Airline outages are quite rare, particularly when the thousands of flights each day are taken into account, but they can significantly impact business. Depending on their visibility and scale, these outages can sometimes even make headlines, resulting in serious brand damage that can take time to repair.
British Airways and EasyJet, two of Europe’s largest airlines, both experienced outages over the summer. Each one serves thousands of passengers each day, and their systems are normally robust enough that downtime is a rarity. But their outages during peak travel times this year have proved that like every industry, the airline industry is still susceptible to outages, and the addition of practices like observability are a key way in which they could modernise their systems.
Not all incidents are equal
Regardless of its visibility, any outage or degradation of reliability or performance can have wide-scale effects on all parts of a business, from customer acquisition and brand reputation to regulatory and contractual compliance.
This means that all digital teams are faced with the same end goals and challenges, regardless of their size or industry. They must work to reduce the number of incidents and learn how to detect, understand and resolve any problems that do occur as quickly as possible. Because while outages may be inevitable, mitigation is still possible.
Fortunately, not all incidents have the same impact, allowing engineers to classify them by their severity, quantified through three main factors: how badly their service is affected, the percentage of customers affected, and what the ultimate consequences may be. Minor degradations on a webpage, which cause a mild inconvenience, would be treated as a lower severity. But the recent airline outages would likely have qualified as the highest level of severity.
Why did the airline outages occur?
Most airline outages occur for the same reason: problems with their flight operation systems. These systems ensure pilots and cabin crews can prepare flight plans and do flight briefings. In essence, they allow air travel to run as smoothly and efficiently as possible.
These legacy systems are extremely complex due to the scale of operations they run. They also use older coding languages that very few people still know how to use. This makes fixing or spotting any bugs before they occur incredibly difficult.
On some occasions, cascading events can also occur, when one system fails, causing a ripple effect. Essentially, on rare occasions, things just really go wrong.

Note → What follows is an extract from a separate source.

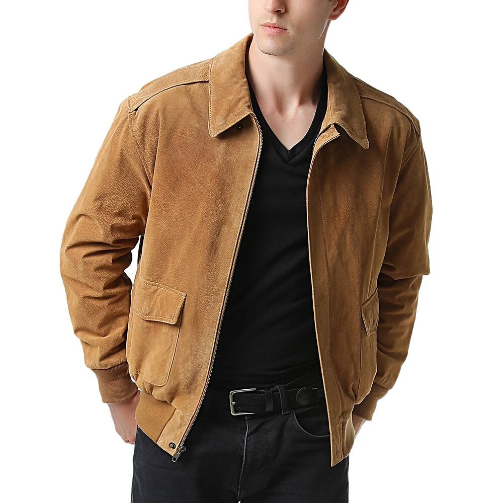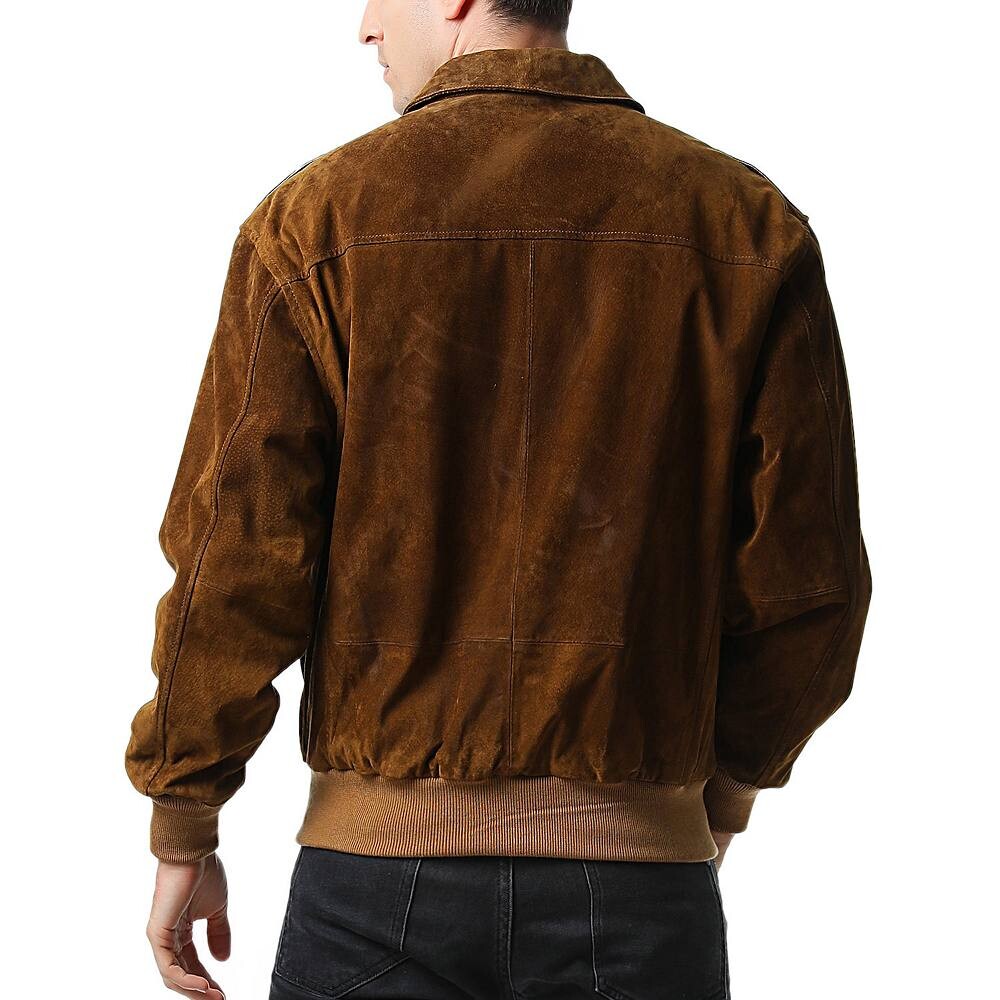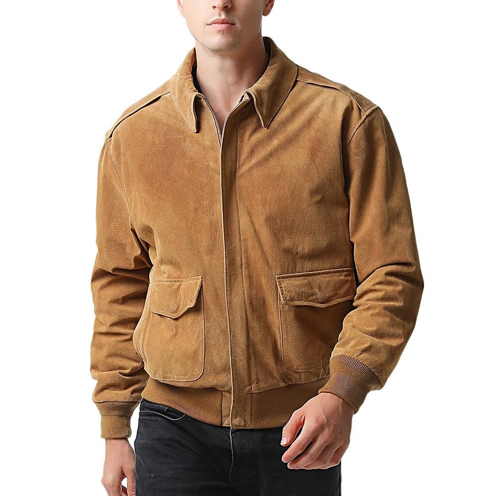 Замшевая кожаная куртка-бомбер A-2 изготовлена ​​по тем же строгим стандартам, что и настоящая военная куртка A-2. Карманы с двойным входом, а также ребристые манжеты и нижний край для оптимальной посадки и комфорта. Отпечатанный U

How do you solve a problem like outages?
Observability platforms can potentially play a significant role for airlines looking to proactively reduce the potential of outages. With the 360-degree visibility they provide, engineers can not only understand what is happening in their system, but why it is happening – allowing them to collect data about their systems and quickly respond to issues. This means they would not only be able to reduce the number of outages that occur, but for those that still slip through the net, it would be much easier and quicker to root out the problem and reduce downtime.
The New Relic Observability Report 2023 found that over a third of those who use observability reported it had improved reliability and uptime. The report also found that those with fully deployed observability’s mean time to detect (MTTD) issues was just five minutes, far improving their opportunity to resolve an incident before it becomes an issue or is visible to customers. And for any that do still happen, it becomes much easier to understand the root of the problem, fix it, and prevent a recurrence.
Observability not only allows IT problems to be fixed more quickly, but also helps reduce the effect the outages have on brand reputation. Being able to instantly inform your customers of the reasons they are experiencing delays helps to build trust with them as easily as keeping them in the dark helps to lose that trust.
However, flight operation systems are so critical, and migrations so delicate, that replacing one is akin to a heart transplant. The real challenge for airlines comes down to a balancing act based on a simple question:
Does the potential chaos that could occur from a failed migration outweigh the potential gains realised by a modernised system?